# Claude Code Settings - Permission Groups

This document explains the permissions configured in `.claude/settings.local.json`.

**Last Updated:** 2026-01-17
**Total Permissions:** 33 (reduced from 49 by removing duplicates)

---

## Permission Categories

### System Commands (Lines 4-7)
Basic Windows/system operations needed for development tasks.

- `Bash(cd:*)` - Change directory navigation
- `Bash(del:*)` - Delete files/folders
- `Bash(echo:*)` - Output text to console
- `Bash(tree:*)` - Display directory structure

### Network & Infrastructure (Lines 8-10)
Network diagnostics and infrastructure management.

- `Bash(route print:*)` - Display routing table
- `Bash(tailscale status:*)` - Check Tailscale VPN status
- `Bash(Test-NetConnection -ComputerName 172.16.3.20 -Port 3306)` - Test database connectivity

### Database (Line 11)
Database operations and queries.

- `Bash(mysql:*)` - MySQL/MariaDB command-line client

### Python & Package Management (Lines 12-15)
Python interpreter and package installation/management.

- `Bash(api/venv/Scripts/python.exe:*)` - Project virtual environment Python
- `Bash(api/venv/Scripts/pip:*)` - Virtual environment pip commands
- `Bash(pip install:*)` - System-wide package installation
- `Bash(pip uninstall:*)` - System-wide package removal

**Note:** Consolidated from multiple duplicate paths:
- Removed: `./venv/Scripts/python.exe:*` (relative path variant)
- Removed: `D:\\ClaudeTools\\api\\venv\\Scripts\\python.exe:*` (absolute path variant)
- Removed: `api\\venv\\Scripts\\python.exe:*` (backslash variant)
- Removed: Specific pip.exe install patterns (covered by wildcard)

### Database Migrations - Alembic (Line 16)
Database schema migrations using Alembic.

- `Bash(api/venv/Scripts/alembic.exe:*)` - All Alembic commands

**Note:** Consolidated specific revision commands into general wildcard pattern.

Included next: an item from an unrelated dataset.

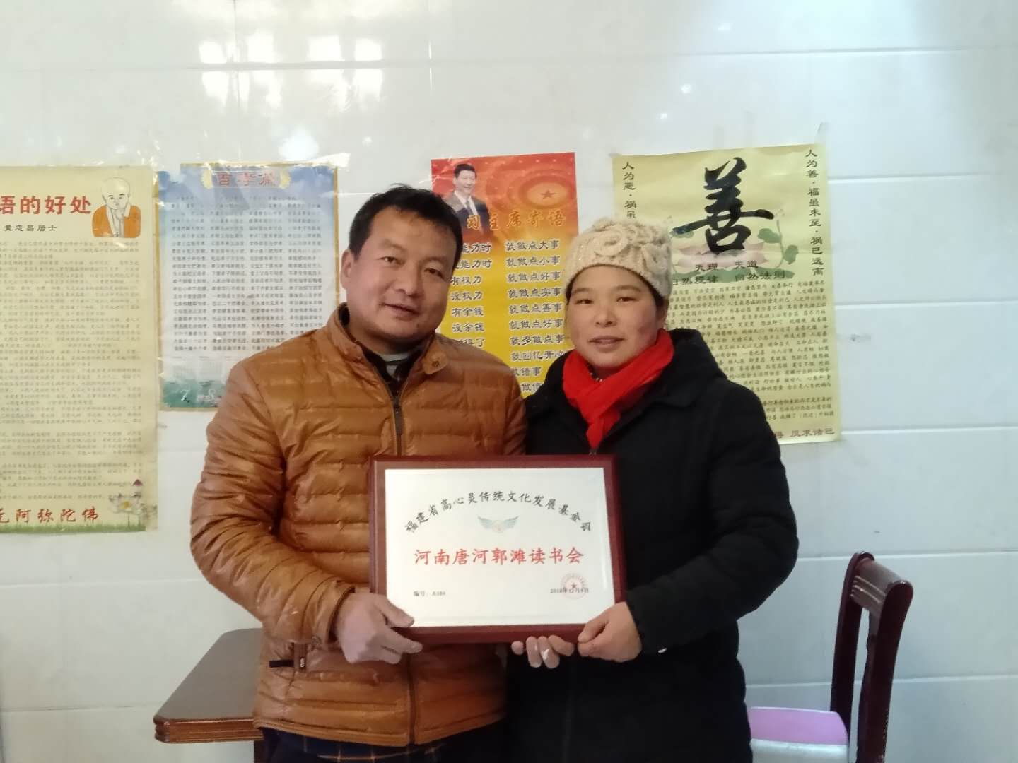 具体介绍: 2019年2月16日上午,南阳高心灵志愿服务团义工教师高银兰、王贵金应邀参加唐河县郭滩镇高心灵读书会的挂牌仪式。郭滩读书会的发起人王丽平夫妇以及读书会家人共30多人见证了此次盛会。正式挂牌之前,先有高银兰老师向读书会全体家人宣讲学习国学文化,特别是学习《道德经》的重要性和紧迫性。王贵金老师代表高心灵基金会向王丽平夫妇授牌,王丽平夫妇发心把自己家住房的二楼客厅,作为读书会学习的教室,定期组织大家学习《道德经》妙解。

### Testing & Development (Lines 17-18)
Test execution and development workflows.

- `Bash(api/venv/Scripts/python.exe -m pytest:*)` - Pytest test runner (all variants)
- `Bash(test:*)` - General test commands

**Note:** Removed specific test file patterns (consolidated into wildcard):
- Removed: `test_context_recall_system.py` specific commands
- Removed: `test_credential_scanner.py` specific commands
- Removed: `test_conversation_parser.py` specific commands
- Removed: `test_import_preview.py` specific commands

### Process Management (Lines 19-22)
Windows process monitoring and task management.

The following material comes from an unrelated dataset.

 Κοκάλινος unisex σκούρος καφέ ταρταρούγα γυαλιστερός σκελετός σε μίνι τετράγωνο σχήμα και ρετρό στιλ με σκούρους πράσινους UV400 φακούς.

- `Bash(schtasks /query:*)` - Query scheduled tasks
- `Bash(tasklist:*)` - List running processes
- `Bash(wmic OS get:*)` - Get OS information
- `Bash(wmic process where:*)` - Query process details

**Note:** Consolidated WMIC process queries with multiple filters into single pattern.

### Project-Specific Commands (Lines 23-29)
Custom ClaudeTools project management commands.

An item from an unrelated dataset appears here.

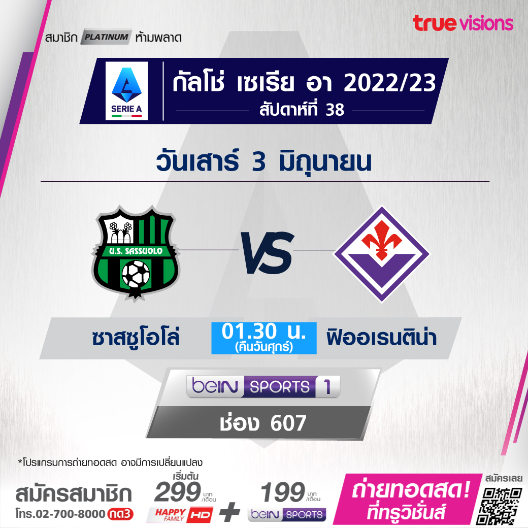Sassuolo vs Fiorentina เวลา 01.30-03.30 ทางช่อง beIN 1 (607)

- `Bash(firewall:*)` - Firewall rule management
- `Bash(infrastructure)` - Infrastructure asset tracking
- `Bash(m365:*)` - Microsoft 365 tenant management (fixed from `m365 \"`)
- `Bash(network)` - Network configuration
- `Bash(session_tag)` - Session tagging
- `Bash(site)` - Site/location management
- `Bash(task)` - Task management

**Note:** Fixed `m365` pattern from `"Bash(m365 \")"` to `"Bash(m365:*)"` for consistency.

### Scripts & Utilities (Lines 30-36)
Miscellaneous utilities and helper scripts.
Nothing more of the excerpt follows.